# Given data:

---------------

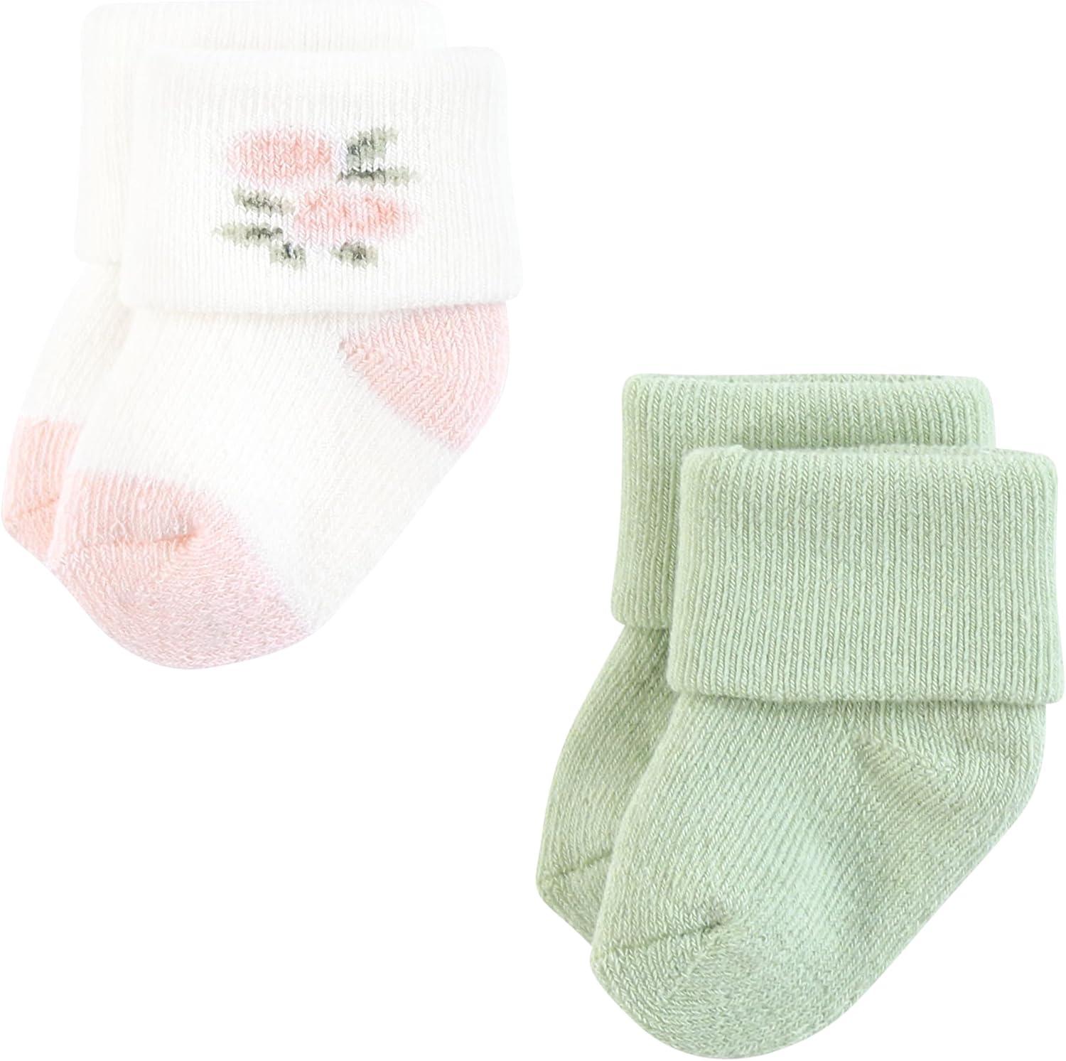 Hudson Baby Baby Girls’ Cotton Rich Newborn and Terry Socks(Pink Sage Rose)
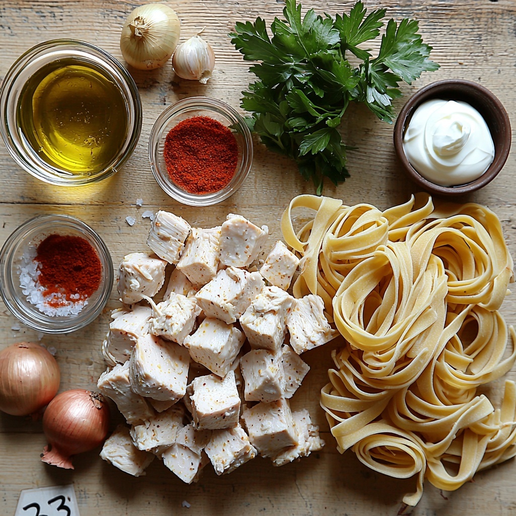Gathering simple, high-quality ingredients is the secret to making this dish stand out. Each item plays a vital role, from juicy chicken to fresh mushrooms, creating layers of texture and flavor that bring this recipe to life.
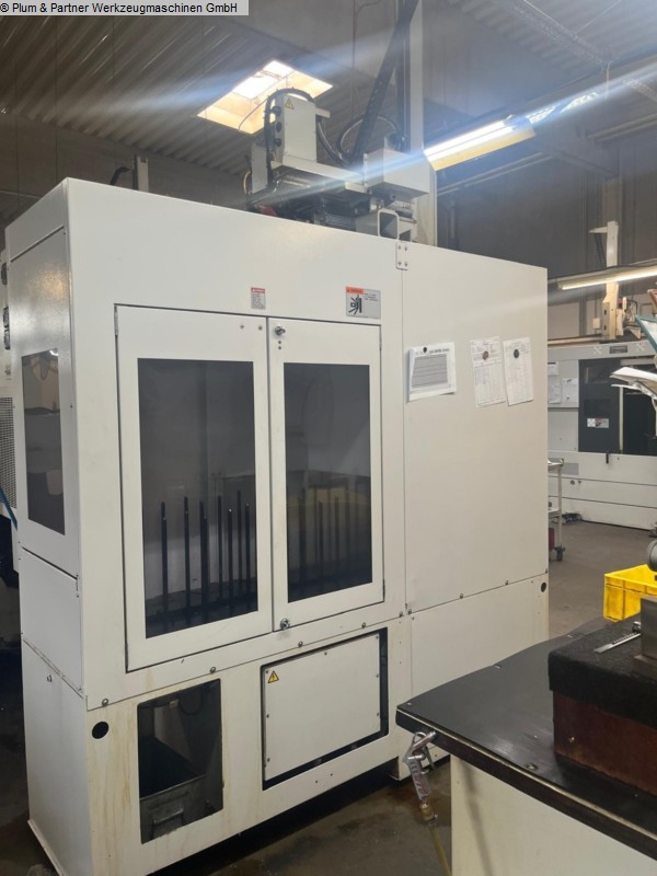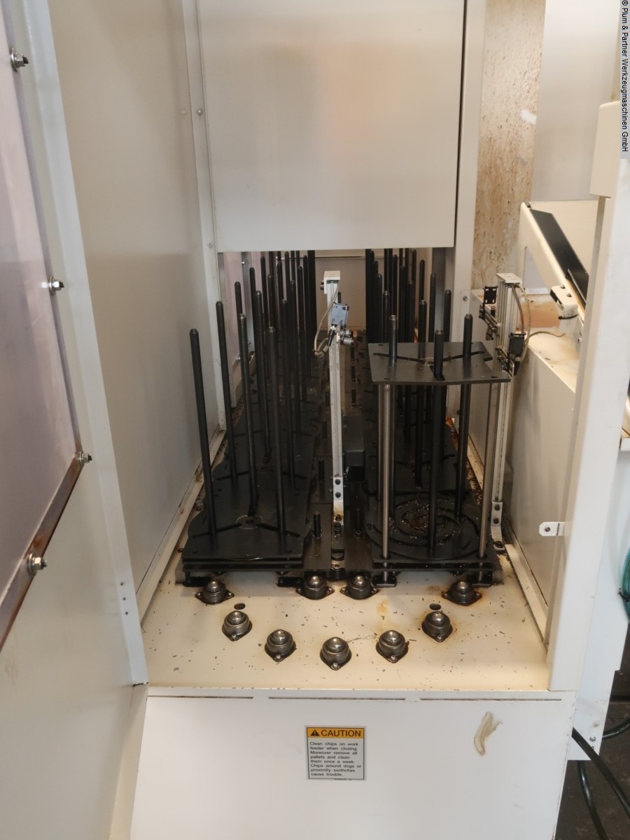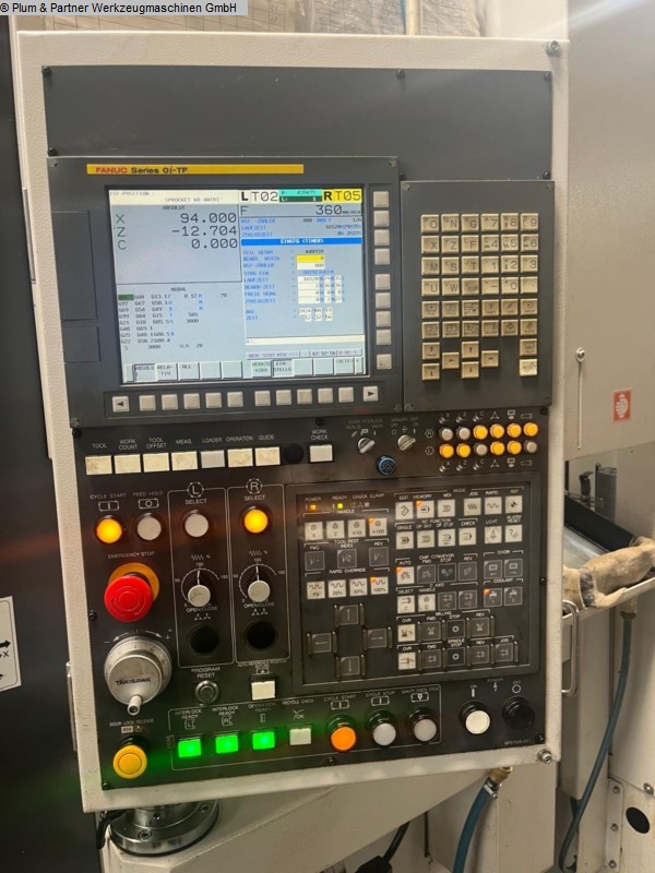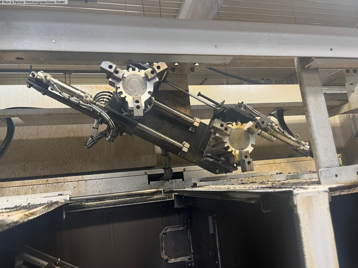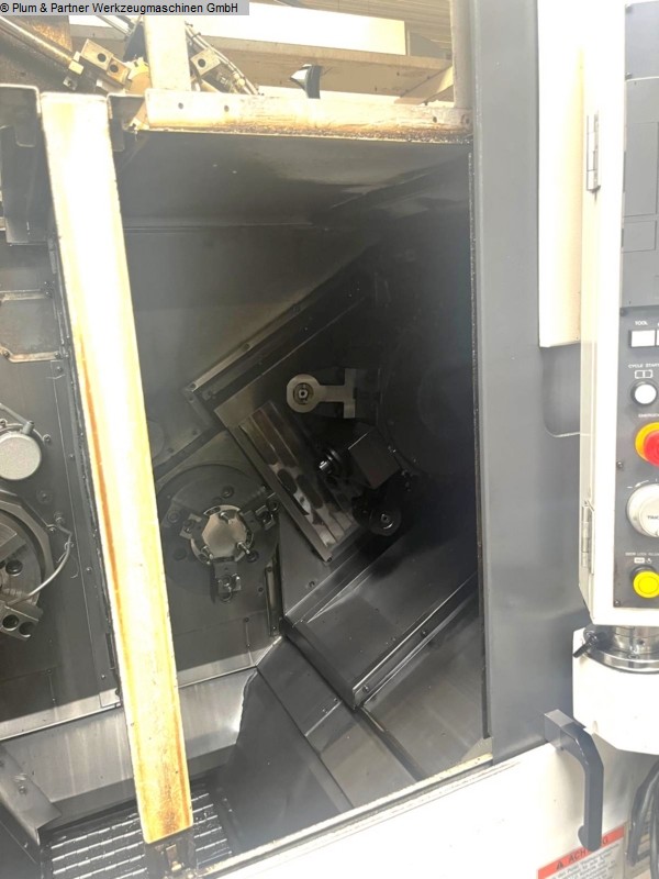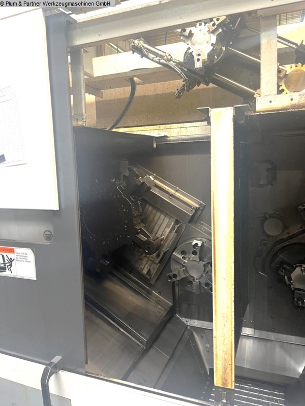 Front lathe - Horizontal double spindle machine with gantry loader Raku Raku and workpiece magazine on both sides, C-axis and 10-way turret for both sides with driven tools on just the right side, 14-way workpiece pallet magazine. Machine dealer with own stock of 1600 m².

---------------

# What the task requires:
Set down word for word each line from the one containing "Gathering simple, high-quality" through the end of the material, and keep the pictures out of it.

# Written response:
Gathering simple, high-quality ingredients is the secret to making this dish stand out. Each item plays a vital role, from juicy chicken to fresh mushrooms, creating layers of texture and flavor that bring this recipe to life.
 Front lathe - Horizontal double spindle machine with gantry loader Raku Raku and workpiece magazine on both sides, C-axis and 10-way turret for both sides with driven tools on just the right side, 14-way workpiece pallet magazine. Machine dealer with own stock of 1600 m².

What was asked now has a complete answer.